Every line from the one containing "denim, faded, brand" to the end of the data below should be copied exactly, but pictures should not.

*** Begin section ***

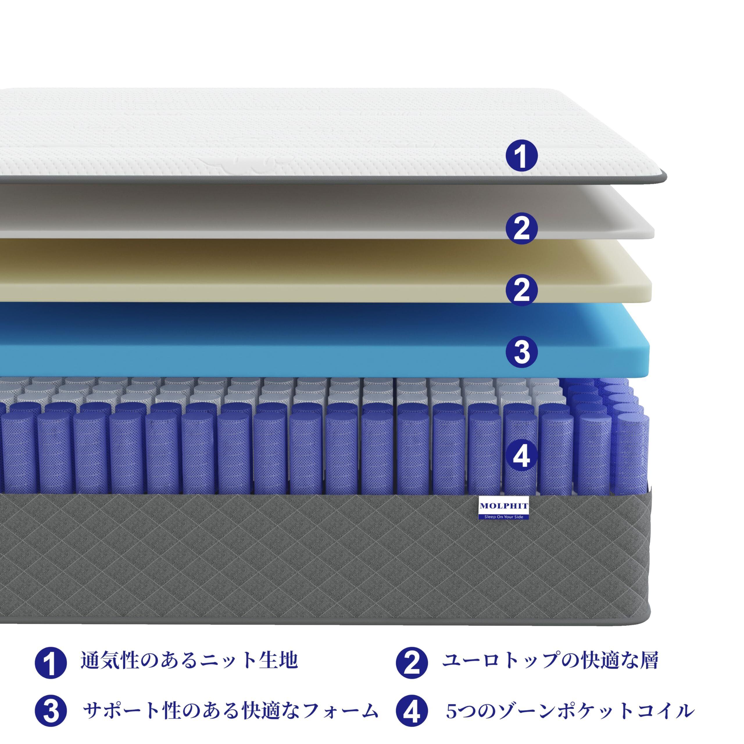 【特価商品】MOLPHIT マットレス セミダブル 厚さ23CM ポケットコイル 高反発 セミダブル ベッドマットレス 硬め 体圧分散 通気性 圧縮配送
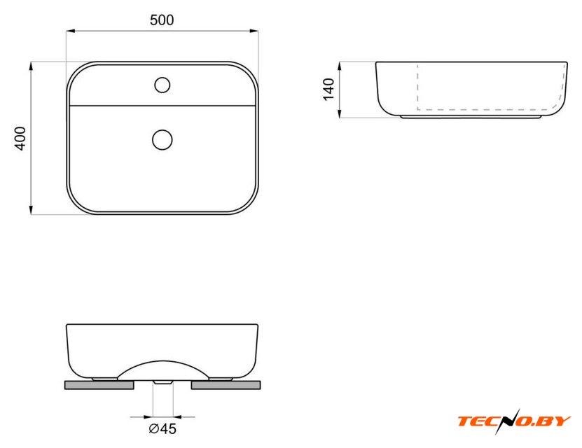 45x26 см, с одной чашей, накладной, санитарная керамика, крепление на столешницу/на стену
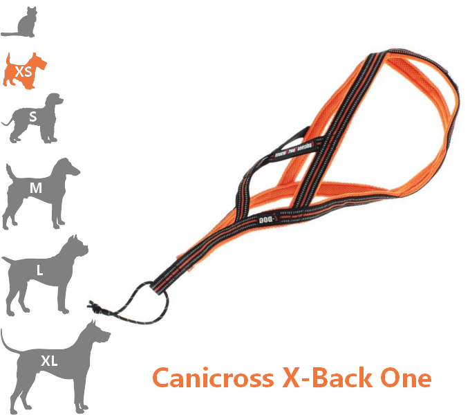 GAMME CANICROSS ONE Le harnais Canicross X-BACK pour très petit chien de la gamme ONE destiné aux spécialistes du Canicross. Il est ultra léger et sa conception lui permet d’utiliser le maximum de la puissance de traction de votre chien. Le harnais est ainsi adapté pour la majorité des chiens mis à part ceux ayant une cage thoracique trop développée et un corps fin (Dobermann, braque de Weimar, levriers, dogues, boxers…).
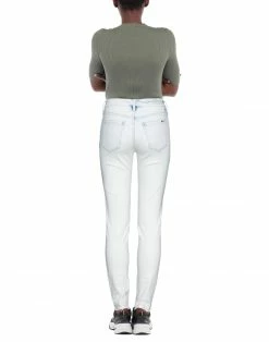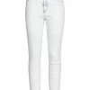 denim, faded, brand logo, solid color, light wash, mid rise, 1 button, zipper closure, five pockets, raw-cut hem
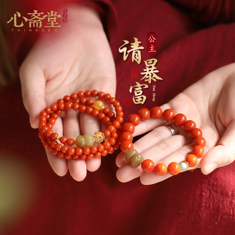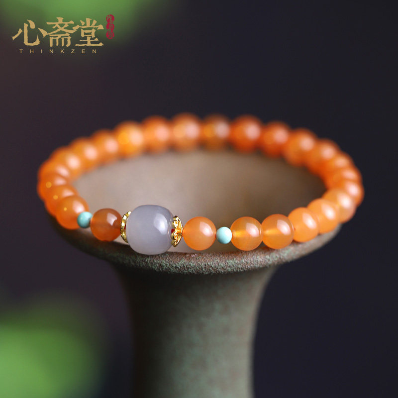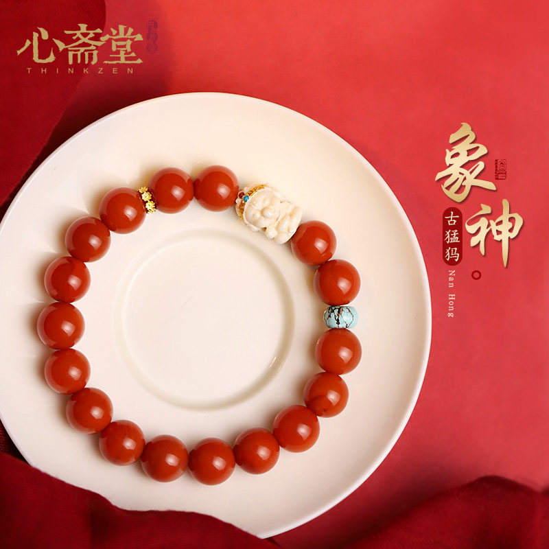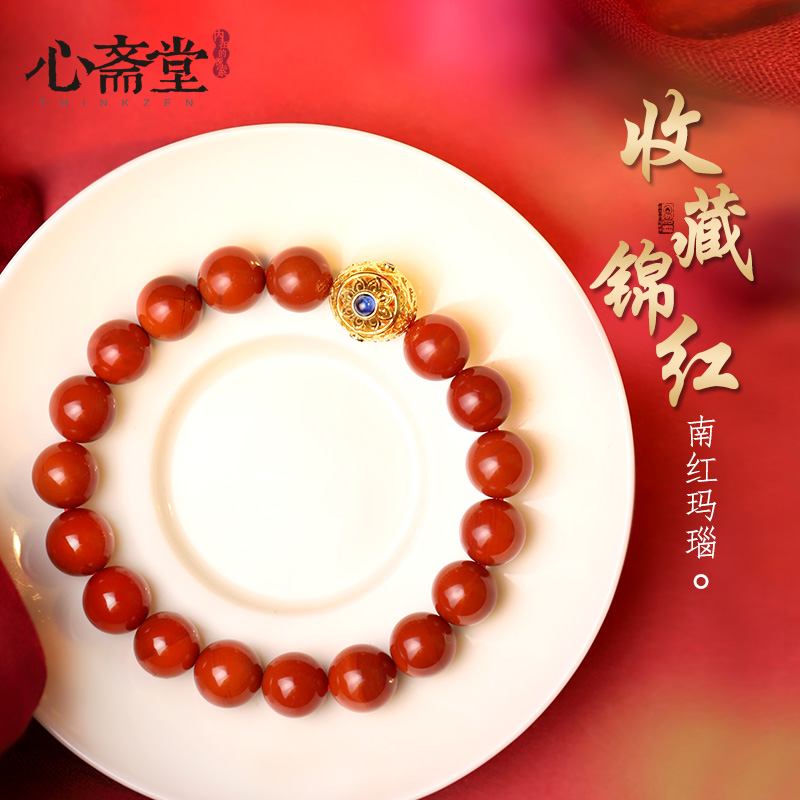 心斋堂【朝气】天然收藏玉化南红玛瑙手串本命年简约复古气质女款
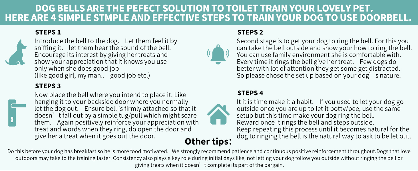 Dog Doorbells - A Way to Make Your Dog's Communication Easier and Better!! Dog Training Bells are one of the simple and non-confrontational solutions to toilet training your family's best friend. You can train them to use the toilet and teach them how to signal you when they need to use the toilet!! Using dog bells has been proven to be a way to make your dog's communication easier, fun and win-win, rather than barking.

*** End section ***

[Solution below]
 denim, faded, brand logo, solid color, light wash, mid rise, 1 button, zipper closure, five pockets, raw-cut hem
 心斋堂【朝气】天然收藏玉化南红玛瑙手串本命年简约复古气质女款
 Dog Doorbells - A Way to Make Your Dog's Communication Easier and Better!! Dog Training Bells are one of the simple and non-confrontational solutions to toilet training your family's best friend. You can train them to use the toilet and teach them how to signal you when they need to use the toilet!! Using dog bells has been proven to be a way to make your dog's communication easier, fun and win-win, rather than barking.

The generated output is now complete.